Run Phenomiser analysis across a collection of Phenopackets.

  $ java -jar PhenomiserApp.jar phenopacket \\
    -hpo /home/whoever/wherever/data/hp.obo \\
    -da /home/whoever/wherever/data/phenotype.hpoa \\
    -cachePath /home/whoever/wherever/data/phenomiser/ \\
    -db OMIM \\
    --phenopacket /home/whoever/wherever/ppacket

This will output a file called phenomiser-results.txt with the rankings of the correct diagnoses.
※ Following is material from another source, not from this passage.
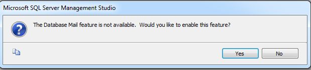 If you haven't previously enabled Database Mail then you will obtain a message box asking if you wish to enable the Database Mail feature. Click yes to enable it.

The output is a matrix where the rows are the number of i and columns the number of j. The value is the percentage (range 0 to 1) of simulations where Phenomiser corrected ranked the disease of target number 1.

Usage in detail

Help information

Run the app with "-h" to print out a list of all arguments:

Usage: java -jar PhenomiserApp.jar [options] [command] [command options]
  Options:
    -h, --help
      display this help message
  Commands:
    precompute      Precompute similarity score distributions
      Usage: precompute [options]
        Options:
          -cachePath, --cachePath
            specify the path to save precomputed data
          -da, --disease_annotation
            specify the path to disease annotation file .hpoa
          -hpo, --hpo_path
            specify the path to hp.obo
          -sampling, --sampling-range
            range of HPO terms to create similarity distributions for. Max 10
            Default: [1, 10]
          -debug
            use debug mode
            Default: false
          -numThreads
            specify the number of threads
            Default: 4

    query      Query with a list of HPO terms and rank diseases based on 
            similarity score
      Usage: query [options]
        Options:
          -cachePath, --cachePath
            specify the path to save precomputed data
            Default: /Users/zhangx/Phenomiser_data
          -db, --diseaseDB
            choose disease database [OMIM,ORPHA]
            Default: OMIM
          -da, --disease_annotation
            specify the path to disease annotation file
          -hpo, --hpo_path
            specify the path to hp.obo
          -o, --output
            specify output path
          -query, --query-terms
            specify HPO terms to query

    grid      Grid search for simulation of phenotype-only cases
      Usage: grid [options]
        Options:
          -cachePath, --cachePath
            specify the path to save precomputed data
            Default: /Users/zhangx/Phenomiser_data
          -db, --diseaseDB
            choose disease database [OMIM,ORPHA]
            Default: OMIM
          -da, --disease_annotation
            specify the path to disease annotation file
          -hpo, --hpo_path
            specify the path to hp.obo
          -i, --imprecision
            Use imprecision?
            Default: false
          -signal, --n-diseaseTerm
            Number of disease terms
            Default: 10
          -c, --n_cases
            Number of cases to simulate
            Default: 100
          -noise, --noise
            Number of noise terms
            Default: 5
          -o, --output
            Output path
          -seed, --set.seed
            Set random number generator seed for simulation

How to set precompute parameters

We recommend running this command on a cluster, and download the cached folder to your personal computer for query (you still need a large RAM to read in the serialized data).

Two parameters are critical:

numThreads Increase the number if you can request more CPU. We tested 40 CPU and can finish the job in about 20 hours.

sampling We recommend using the default value of 1 - 10. There is no need to increase the max value above 10, as the score distributions will not change much above 10. If you change the numbers, you have to make sure that the number of query terms fall within the range.

How to access cached data

Default caching data is under HOME/Phenomiser_data. You can use "-cachePath" if you want to overwrite the default setting.